Gerry Mulligan took the baritone saxophone – the big, ungainly horn at the bottom of the section – and made it light, lyrical, and central. Before him the baritone was mostly ballast in a big band. After him it was a lead voice, capable of melody as graceful as any trumpet’s. Almost single-handedly he gave the instrument its place in modern jazz.
He was a gifted arranger first. As a young man he wrote for the Miles Davis sessions that became Birth of the Cool, helping define the whole relaxed, carefully voiced aesthetic of cool jazz. Then in 1952 he formed a quartet with Chet Baker that had no piano at all – just baritone, trumpet, bass, and drums – and the open, interweaving counterpoint of those two horns became one of the signature sounds of the decade.
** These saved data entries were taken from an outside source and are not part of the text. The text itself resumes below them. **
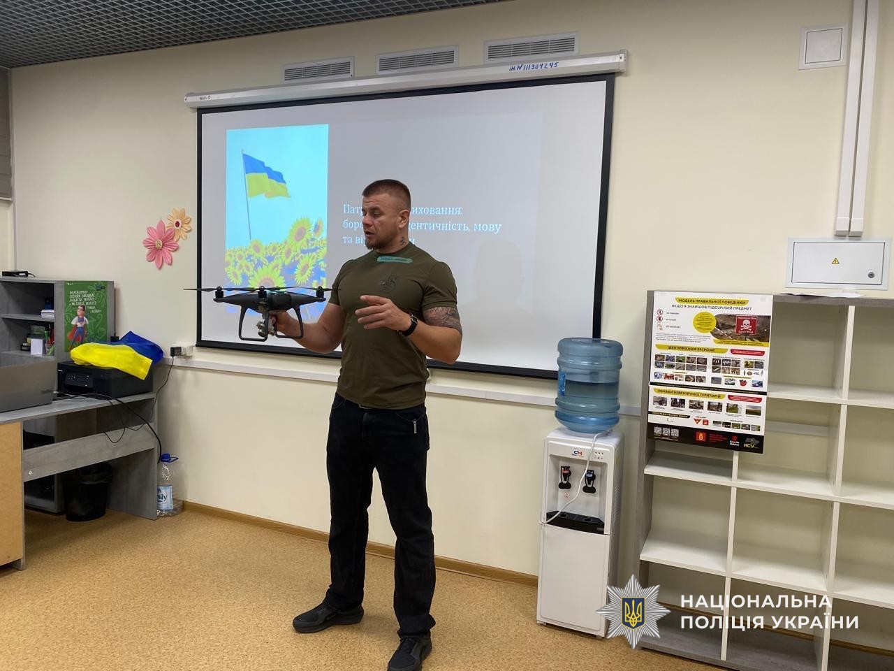 Особливу увагу школярів привернула розповідь ветерана, який поділився власним досвідом служби, цінностями та прикладами з життя. Він також показав сучасні технології, що застосовуються на фронті, зокрема дрони, та розповів про їхню роль у виконанні бойових завдань.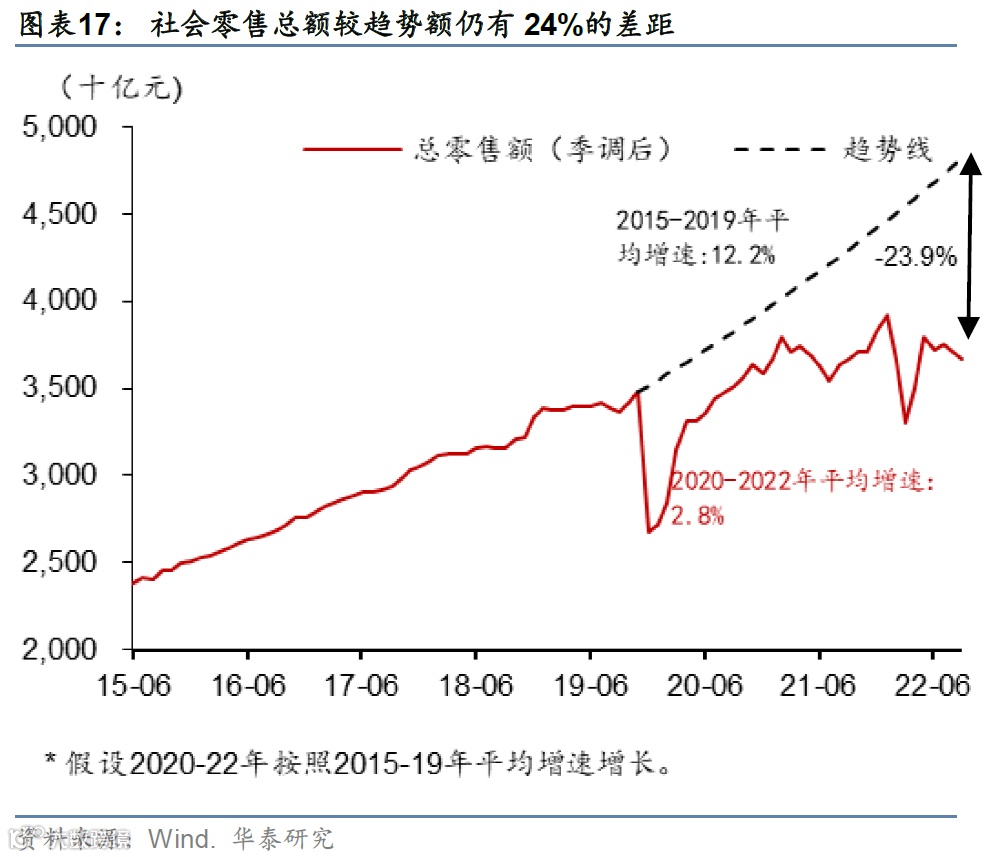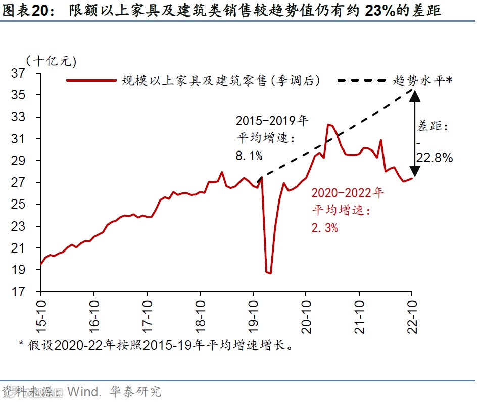 2023年,随着疫情对经济的影响持续减弱,出行社交活动的恢复让“消费场景”逐步恢复,叠加经济总体企稳回升,我们预计消费活动有较大复苏空间,特别是随着出行活动逐步恢复回升的体验式消费(如餐饮)、随着流动人口收入修复提振的大众消费品(如服装鞋帽等)、以及家装等与地产周期相关度较高的消费品。整体而言,截止2022年10月,社会零售总额较疫情前趋势额(用2015-2019年平均月环比增速推算,下同)仍有24%左右的差距(图表17)。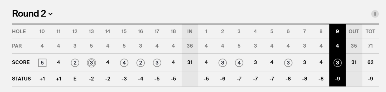 전날 8개월 만에 2오버파를 쳤던 셰플러는 아이언 샷이 살아난데 이어 그린주변에서 완벽한 플레이를 구사하며 3라운드를 기대케 했다. 셰플러는 올 시즌 아메리칸 익스프레스에서 우승하며 통산 20승을 달성했다.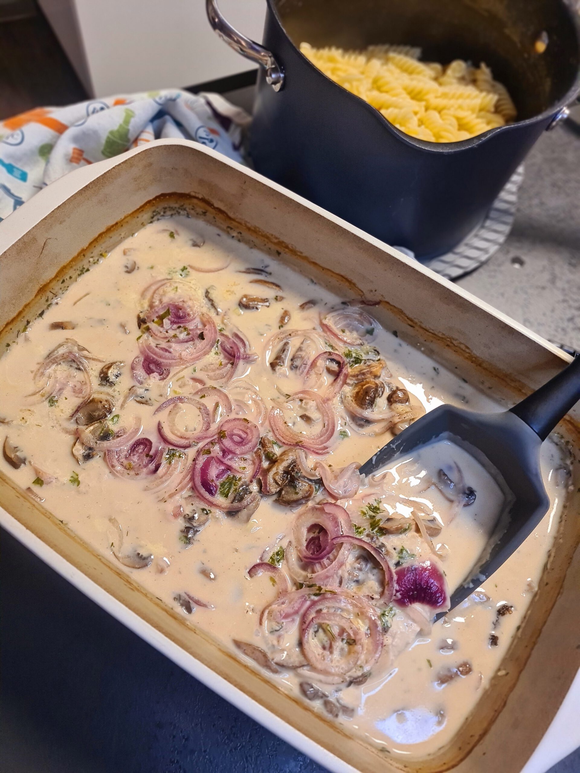- Zum Ende der Backzeit Beilage nach Wunsch zubereiten, z.B. NudelnNudeln als Beilage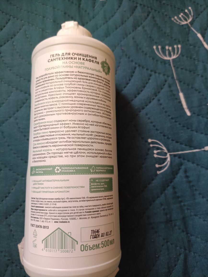 Жидкий, бесцветный. Раньше брала, был гуще и имел цвет бирюзовый.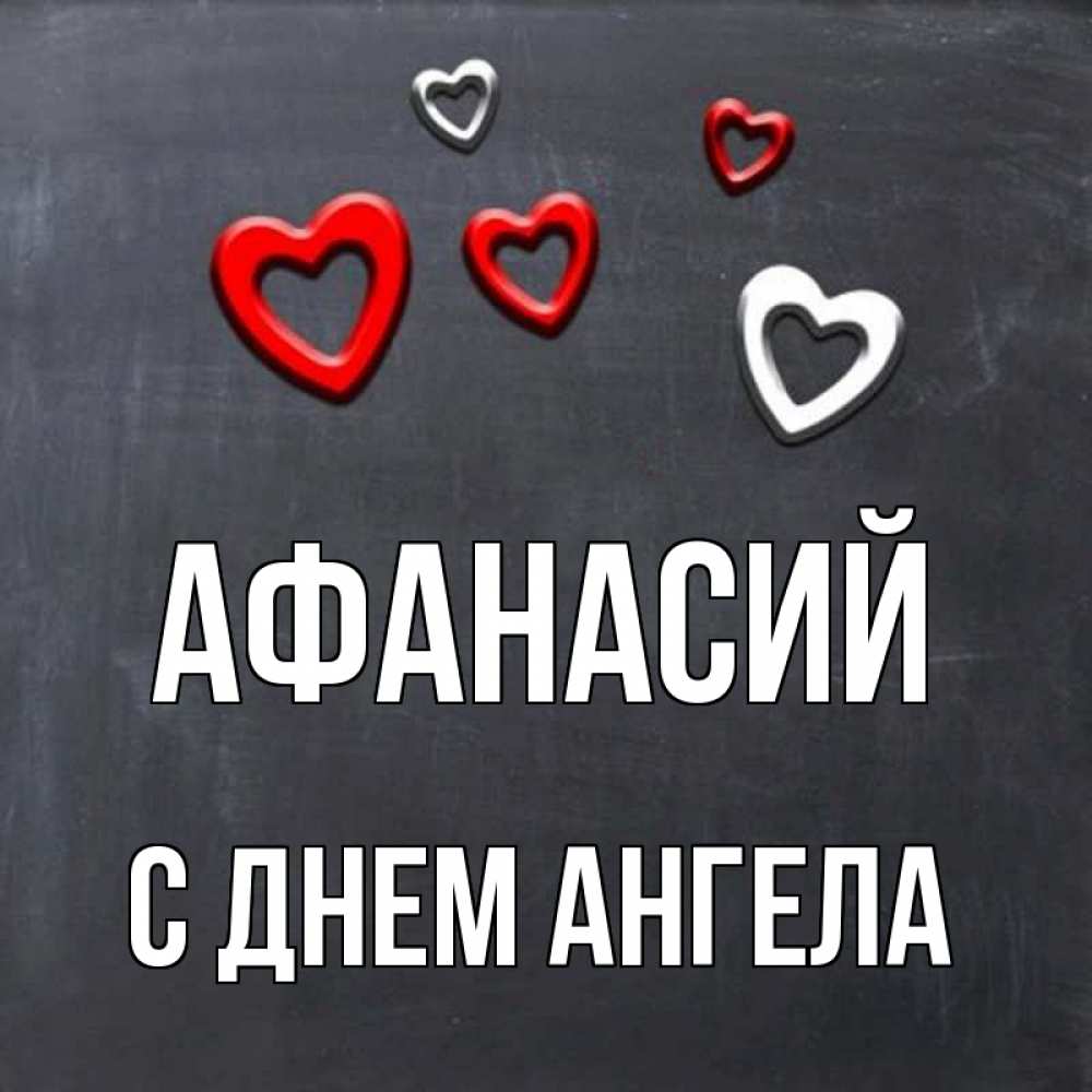 Открытка Афанасий С днем ангела. доска с магнитами в виде сердече. сердечки белые и красные

The pianoless idea was radical and it worked because Mulligan and Baker listened so closely, weaving lines around each other like a conversation. It influenced countless groups and proved you didn’t need a chord instrument to imply the harmony – the horns could do it themselves.
Mulligan kept working in all sorts of settings for decades, leading bands, writing, collaborating across the jazz spectrum. Tall, red-haired, and articulate, he was one of the music’s great craftsmen, equally important as player and composer.
Start here
The Gerry Mulligan Quartet with Chet Baker recordings (1952–53) are the essential cool statement.
Birth of the Cool (Miles Davis, 1949–50), which Mulligan helped write and arrange, is where it all begins.